Just outa curiosity, has anyone used this wee beastie? I picked up one from my LHBS, as it had just arrived that day. From what I can read he's a potent little goer - good mid to high floc, medium to high attenuation.

Will be using it in our local store's Sierra Nevada clone (pretty damn good beer too!) which will be dry hopped with Cascade, Chinook and Azacca (similar to Citra, because I don't have Citra haha)
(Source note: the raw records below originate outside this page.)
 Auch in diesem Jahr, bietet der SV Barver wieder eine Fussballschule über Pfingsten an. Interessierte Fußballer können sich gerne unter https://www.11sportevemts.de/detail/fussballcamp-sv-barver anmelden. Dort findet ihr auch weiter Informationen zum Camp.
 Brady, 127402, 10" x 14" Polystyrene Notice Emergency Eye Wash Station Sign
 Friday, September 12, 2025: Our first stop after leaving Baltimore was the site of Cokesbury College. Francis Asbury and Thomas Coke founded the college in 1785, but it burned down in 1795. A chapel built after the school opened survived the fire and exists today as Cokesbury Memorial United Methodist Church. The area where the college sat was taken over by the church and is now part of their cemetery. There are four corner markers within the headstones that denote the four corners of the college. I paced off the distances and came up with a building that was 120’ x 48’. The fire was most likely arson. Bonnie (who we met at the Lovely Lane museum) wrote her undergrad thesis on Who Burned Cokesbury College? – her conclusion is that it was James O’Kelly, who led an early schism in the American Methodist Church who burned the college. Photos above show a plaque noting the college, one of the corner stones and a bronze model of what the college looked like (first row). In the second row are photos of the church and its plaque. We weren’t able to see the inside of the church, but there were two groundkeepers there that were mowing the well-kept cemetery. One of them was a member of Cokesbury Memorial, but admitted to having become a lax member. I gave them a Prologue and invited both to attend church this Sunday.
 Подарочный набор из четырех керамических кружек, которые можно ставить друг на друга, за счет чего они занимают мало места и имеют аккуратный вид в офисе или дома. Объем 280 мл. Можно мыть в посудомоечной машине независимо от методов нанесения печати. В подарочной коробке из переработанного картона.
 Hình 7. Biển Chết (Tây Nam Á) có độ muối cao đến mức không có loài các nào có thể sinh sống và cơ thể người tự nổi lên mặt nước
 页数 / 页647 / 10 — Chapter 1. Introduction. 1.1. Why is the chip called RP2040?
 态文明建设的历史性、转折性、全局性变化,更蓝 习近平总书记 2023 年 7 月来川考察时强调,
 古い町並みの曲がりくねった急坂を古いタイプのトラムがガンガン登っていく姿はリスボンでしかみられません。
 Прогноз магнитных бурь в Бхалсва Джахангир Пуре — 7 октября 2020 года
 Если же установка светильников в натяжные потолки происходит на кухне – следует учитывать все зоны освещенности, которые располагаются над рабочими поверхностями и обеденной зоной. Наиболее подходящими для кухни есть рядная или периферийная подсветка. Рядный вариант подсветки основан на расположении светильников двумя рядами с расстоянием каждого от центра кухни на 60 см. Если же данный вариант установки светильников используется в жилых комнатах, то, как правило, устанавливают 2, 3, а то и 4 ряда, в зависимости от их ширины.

Anyway yeah, anyone had a go with it? Anything I should keep an eye on?

Cheers!


----------



## barls (19/6/14)

still sitting in the fermentor atm. but its a black ipa.


----------



## Yob (19/6/14)

I've got a starter on the stirplate at the moment, it's a pretty good yeast, quick to ferment from memory, 4 day ferment for standard gravity and drops pretty clear, only used it once previously but quite liked it and remember being impressed with it (hence I froze some and am spinning it up again)

Prefer it to 1272


----------



## fattox (25/6/14)

Well I'm 24 hours in from pitching (about 1am yesterday, as I work late nights while I study) and there's a solid 4-odd litres of krausen sitting on top of the beer. Mine went into a 1.055ish Sierra Nevada Pale wort kit my local store does, it's a great beer they do and I would rather pay the $40 and get something I know is good than try brew something when I've only been doing AG for about 10 - 12 batches and still have a lot to learn  I will be dry hopping with Cascade as well, but it's a solid beer they do. It will be interesting this yeast combo with the Cascade DH, as I hear the 1217 throws off some spicy notes. I am at about 18 degrees now as the other fermenter is running an Azacca (new Yakima hop) Maris Otter smash, with US05, but as it comes to an end will ramp to 20. Will keep posted on how this beer turns out though!


----------



## Batz (27/11/14)

How did these turn out guys? I had one sitting in the fridge for a while and just building it up now. It's going into a black IPA for Xmas.

Batz


----------



## Judanero (27/11/14)

I'm interested too, using it tomorrow night/sat morning


----------



## hoppy2B (27/11/14)

Judanero said:


> I'm interested too


+1 I have a snack pack of 1217 in the fridge. I'm wondering if this is just a snack pack version of BRY-97.


----------



## droid (27/11/14)

ordered two packs on the weekend, express post...turns out it was out of stock, hopefully it gets here tomorrow - doesn't help ya though does it? - sorry

_Wyeast 1217-PC West Coast IPA™_


_*Beer Styles:* American IPA, Imperial IPA, American Pale Ale, American brown ale, Red Ales, Scottish Ales _
_*Profile:* This strain is ideally suited to the production of west-coast style American craft beers, especially pale, IPA, red, and specialties. Thorough attenuation, temp tolerance, and good flocculation make this an easy strain to work with. Flavor is balanced neutral with mild ester formation at warmer temps, allowing hops, character malts, and flavorings to show through. _




_*Alc. Tolerance* 10% ABV _
_*Flocculation *med-high_
_*Attenuation* 73-80% _
_*Temp. Range* 62-74°F (17-23°C)_


----------



## Batz (27/11/14)

Looks like plenty of us about to try it, not so many reviews though.

Batz


----------



## Judanero (27/11/14)

I read some reviews on HBT talking about how it finishes pretty dry, even with crystal in the grain bill..


----------



## Yob (27/11/14)

its a cracking yeast, next to Greenbelt its my second favorite yeast


----------



## danestead (28/11/14)

Just kegged a iipa with it. It ripped through. The most crazy yeast ive ever used. It was chewing 15pts a day for the first 4 days. The beer turned out a bit rough but it was my first attempt at a iipa and im pretty sure its the recipe letting it down rather than the yeast.


----------



## Spiesy (28/11/14)

Might have to set one aside for my next Pale Ale.


----------



## Samuel Adams (15/2/15)

I used 1217 in a red IPA & it is a great yeast.
High flocculation, firm sediment in the bottle so you can upend it & get all of the clear beer out.
OG 1.054 FG 1.008 so 85% attenuation.
Tase is nice and clean, lets the hops & malt shine.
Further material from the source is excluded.